Charlie Brown was convicted at trial of child rape from multiple counts and sentenced to a 100 year sentence. He asserts on appeal that the trial court should have required the State to make an election of offenses as required by the Tennessee Supreme Court in this child rape case. The State acknowledges that the trial court should have required the prosecution to make an election of offenses but argues that the error was harmless because the victim “recounted a single set of facts constituting the crime and testified that the same facts happened every time she visited the [appellant].” However, the State also acknowledges that this argument was squarely rejected by our supreme court in Tidwell v. State, 922 S.W.2d 497 (Tenn. 1996)
. Trial Courts are required to strictly follow the law as set forth by our Supreme Court and cannot rule contrary to precedent established by that court even if they wish to do otherwise.
Here, the victim testified to repeated rape by the defendant but could not provide a single detail that differentiated one offense from another. Since the state did not elect which counts that they were relying upon for the evidence, it violated precedent when it was submitted to the jury.

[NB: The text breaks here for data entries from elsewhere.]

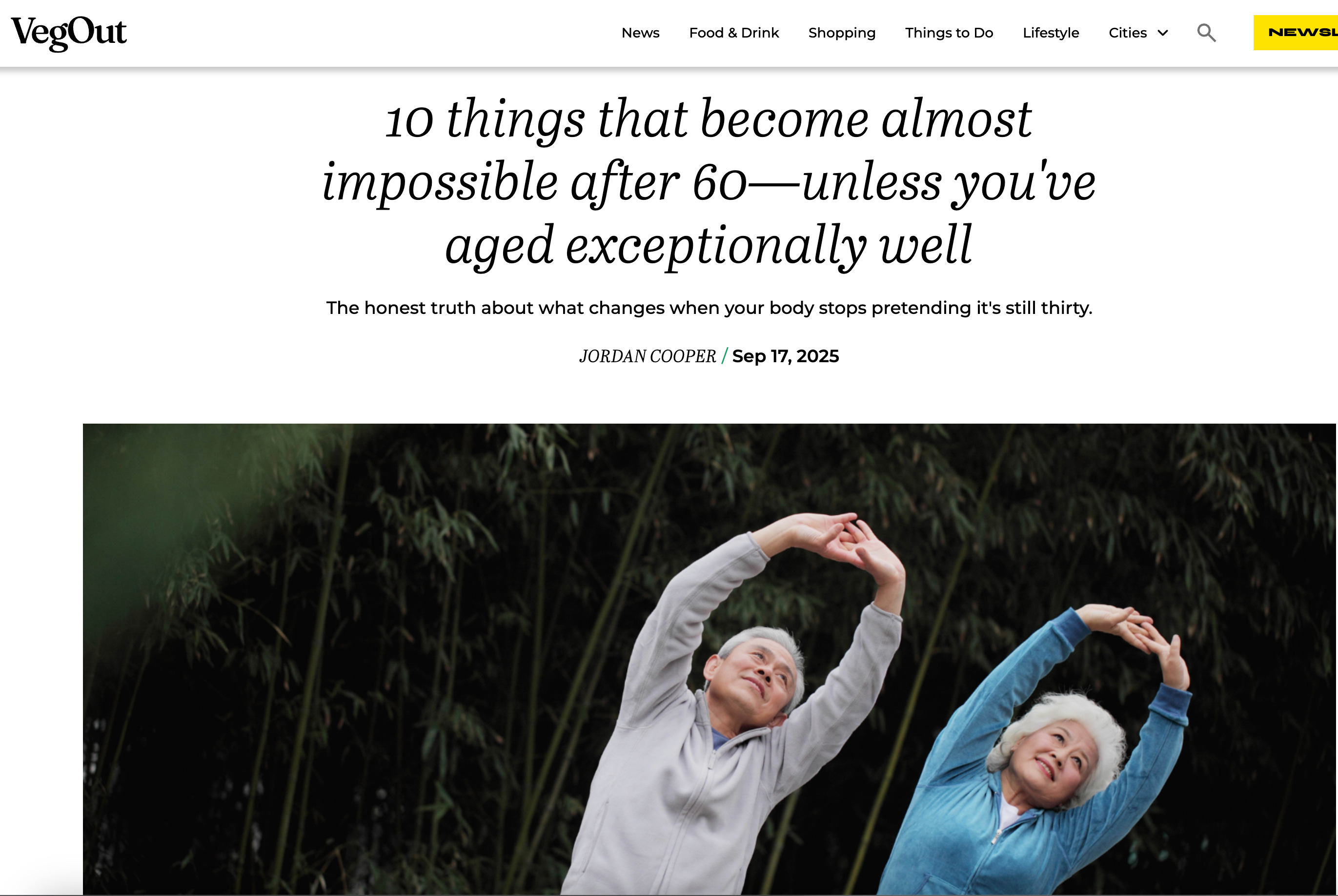 Clever would have required either a) the author to have done basic reporting on what actually becomes extraordinarily difficult around age 60, or b) VegOut’s crack team of newsroom leaders to have found a credible voice to artfully mock what this piece calls “toxic positivity about aging.”
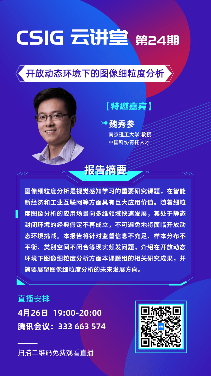 请添加会议官方微信:CSIG_1990,备注“云讲堂”获取入群邀请
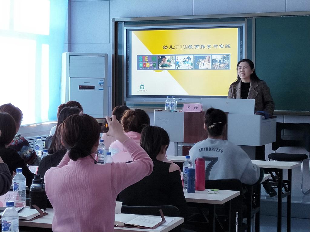 研修班贯彻“全员、全程、全面”的培训理念,采取“专家讲座、现场教学、交流研讨”等培训形式,丰富理论、汲取养分、共话教育、共探初心。在讲座环节,邀请国内知名学前教育专家、东北师范大学家庭教育研究院院长赵刚教授和东北师大博士生导师张向葵教授,围绕教育发展、师德修养、课程建设、管理能力等专题进行讲座,为全体学员带来学前教育的典型经验和最新理论。在现场教学环节,组织学员到长春市人民政府机关第一幼儿园现场考察,园长兼党支部书记孙红艳介绍了班级工作经验、班内特色活动以及师资德育发展,通过近距离的浸润学习,引导学员互动交流,感受园所文化和教育内涵,为学员开展了理实一体化的现场体验式培训。在交流研讨环节,围绕“STEAM教育在学前教育中的应用”主题,邀请信息工程学院吴丹和吉林省芝麻开门集团公司STEAM教育专业教师孙庠祺进行了精彩的展示、研讨与交流。

The State also argues that to require an election of offenses in this type of case “prevents the State from prosecuting defendants who have been successful in delaying disclosure of their crimes.” However, the TN Supreme Court has rejected this argument, stating, the rules of evidence and the rules of procedure have been relaxed to some extent to accommodate very young witnesses. Nevertheless, the constitutional protections guaranteed a criminal defendant, who is presumed by law to be innocent until proven guilty, cannot be suspended altogether because of the victim’s age or relative inability to testify. In cases such as this one, the state must either limit the testimony of prosecuting witnesses to a single event, or prepare the case so that an election can be made before the matter is submitted to the jury to decide.
The Court concluded that the trial court committed reversible error by failing to require the State to make an election of offenses.